HIPAA (Employee) Non-Disclosure Agreement (NDA) Template

Die HIPAA Confidentiality and Non-Disclosure Agreement Template kann von Einrichtungen des Gesundheitswesens verwendet werden, die eine verbindliche Unterschrift von einem neuen Mitarbeiter erhalten möchten. Diese Unterlagen konzentrieren sich auf die Forderung nach Vertraulichkeit, wie sie im Health Insurance Portability Act von 1996 und der HIPAA Omnibus Rule von 2013 definiert ist. Wenn eine Einrichtung des Gesundheitswesens einen neuen Mitarbeiter einstellt, muss sie der Tatsache ins Auge sehen, dass dieser neue Mitarbeiter mit einer beträchtlichen Menge vertraulicher Informationen über die Einrichtung, die Mitarbeiter und sogar die Patienten in Berührung kommen wird. Der neue Mitarbeiter muss in gewissem Maße sicherstellen, dass diese Informationen vertraulich bleiben und nicht in unverantwortlicher Weise weitergegeben werden. Diese Vorlage strukturiert die Formulierungen, die erforderlich sind, um die Definitionen und Verantwortlichkeiten festzulegen, die der neue Mitarbeiter zur Kenntnis nehmen und denen er zustimmen muss.

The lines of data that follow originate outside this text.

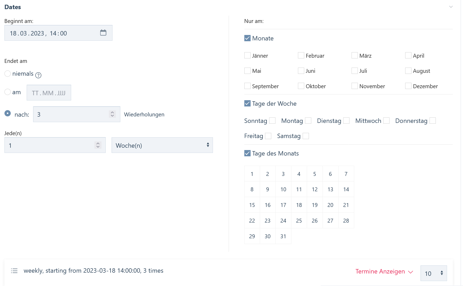 The translations inside InputfieldRecurringDates.js will be defined inside the InputfieldRecurringDates.module. For this case I have created an new method, which holds the translation string called jsTranslations(). This is necessary to create Javascript variables via the PW $config->Js method.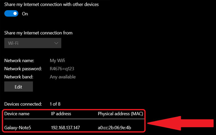Khi một thiết bị kết nối, bạn sẽ có thông tin chi tiết về thiết bị đó, bao gồm tên và địa chỉ IP...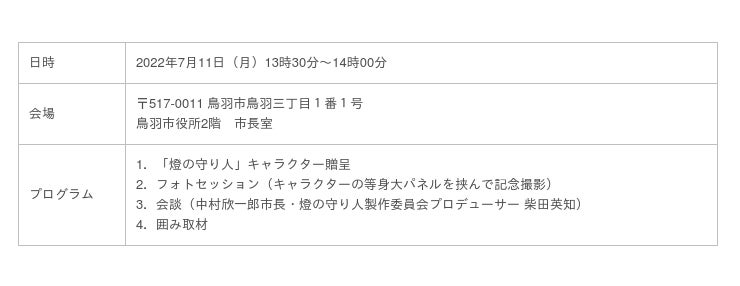 燈の守り人キャラクターを活用して、地域の灯台を歴史・文化資産として活用する機運をつくるため、キャラクター化の対象となる「菅島灯台」が立地している三重県鳥羽市の中村欣一郎市長を、「燈の守り人」製作委員会プロデューサーの柴田英知が2022年7月11日(月)に表敬訪問し、キャラクターの贈呈式を実施しました。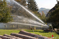 Übungsannahme war ein Brand eines landwirtschaftlichen Objekts mit vermissten Personen bei Fam. Fröller in Riedl Gemeinde Kirchschlag. Einsatzleiter Kommandant HBI Norbert Kapeller musste mit 7 teilnehmenden Feuerwehren Kronabittedt, Kirchschlag, Lichtenberg, Eidenberg, Hellmonsödt, St. Magdalena, und Geng das Übungsszenario abarbeiten. Als erste Herausforderung stellte sich eine schmale Zufahrtstraße dar, die von einem Passanten mit einem Pkw blockiert wurde.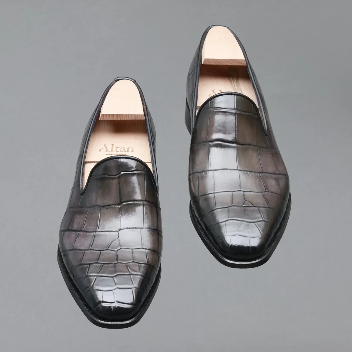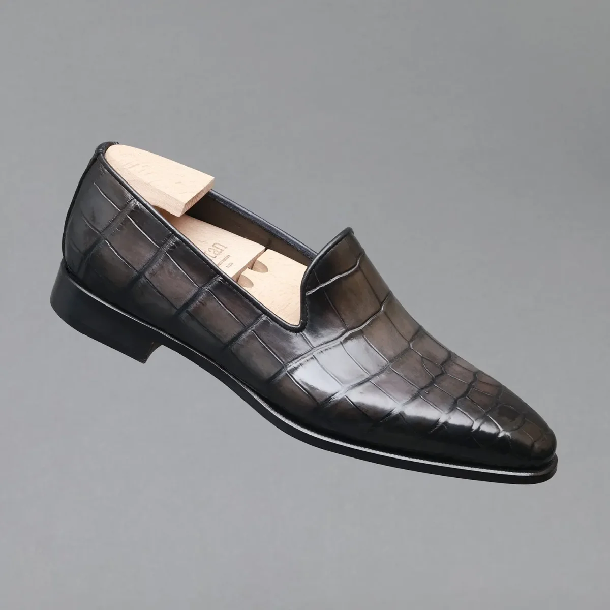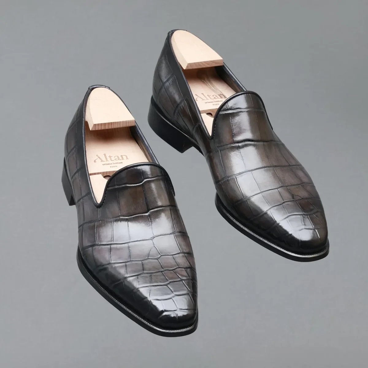 Ce mocassin est réalisé en une seule pièce de cuir d’Alligator. S’inspirant des formes de l’Albert Slipper ce mocassin très « casual » dans l’esprit n’en reste pas moins un véritable soulier à la construction traditionnelle à bout dure et montage blake sous gravure. C’est un mocassin finalement quasi toute saison. Présenté ici dans une peausserie de crocodile patinée Gris Brun.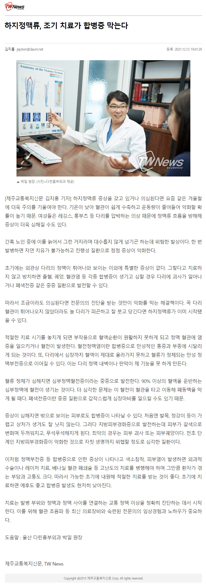 [제주교통복지신문]하지정맥류, 조기 치료가 합병증 막는다

Dieses Dokument wird daher einige Anstrengungen unternehmen, um das Konzept der vertraulichen Informationen sowie die Einstellung und das Verhalten des Mitarbeiters in Bezug auf die Informationen seines Arbeitgebers zu behandeln. Natürlich sollte der Arbeitnehmer genügend Zeit haben, all diese Bedingungen gründlich durchzulesen, damit er am Ende dieses Dokuments eine informierte Unterschrift leisten kann. Sobald diese Vereinbarung unterzeichnet ist, besitzt sie die gleiche Bindungswirkung wie ein Vertrag und ist somit vor Gericht einklagbar.

Wie man schreibt

1 – Diese Vereinbarung sollte von dieser Seite heruntergeladen werden

Sie können diese Vereinbarung entweder als Adobe PDF-Datei oder als MS Word (.docx) Dokument erhalten, indem Sie einfach den entsprechenden Link unten anklicken. Wenn Sie nicht über die entsprechende Software verfügen, um das Dokument am Bildschirm zu bearbeiten, können Sie es als Adobe-Datei mit einem aktuellen Browser öffnen und dann ausdrucken. Wenn Sie es manuell ausfüllen, stellen Sie sicher, dass alle Informationen perfekt lesbar sind.

2 – Datum dieser Unterlagen

Das Datum, an dem diese Unterlagen vom neuen Mitarbeiter akzeptiert und ausgefüllt werden, sollte in der ersten Erklärung angegeben werden. Suchen Sie die Formulierung „…eingegangen“ und tragen Sie in die erste Leerzeile das zweistellige Kalenderdatum, in die zweite Leerzeile den Monat und in die dritte Leerzeile das zweistellige Jahr ein, in dem dieses Dokument ausgefertigt wurde.

2 – Der Name jedes betroffenen Teilnehmers muss dokumentiert werden

Die nächste Aufgabe besteht darin, den rechtlichen Namen der Gesundheitseinrichtung in dem leeren Raum zwischen den Worten „…By And Between“ und „Hereinafter Referred To As…“

Das letzte Leerfeld in diesem Absatz verlangt den Namen des Mitarbeiters, der den Bedingungen dieser Vereinbarung zustimmt.

3 – Der Arbeitnehmer kann dieser Vereinbarung nur mit seiner Unterschrift beitreten

Nachdem er dieses Dokument zu seiner Zufriedenheit gelesen hat, muss der Arbeitnehmer seinen Namen in die leere Zeile mit der Aufschrift „Unterschrift des Arbeitnehmers“ eintragen.“

Auf dem leeren Feld unter seiner Unterschrift (mit der Aufschrift „Gedruckter Name“) muss der Arbeitnehmer seinen Namen in Druckschrift angeben.

Auf dem letzten leeren Feld muss der Arbeitnehmer das Datum eintragen, an dem er diese Unterlagen unterzeichnet. Hinweis: Dieses Datum sollte mit dem im ersten Absatz angegebenen Datum übereinstimmen.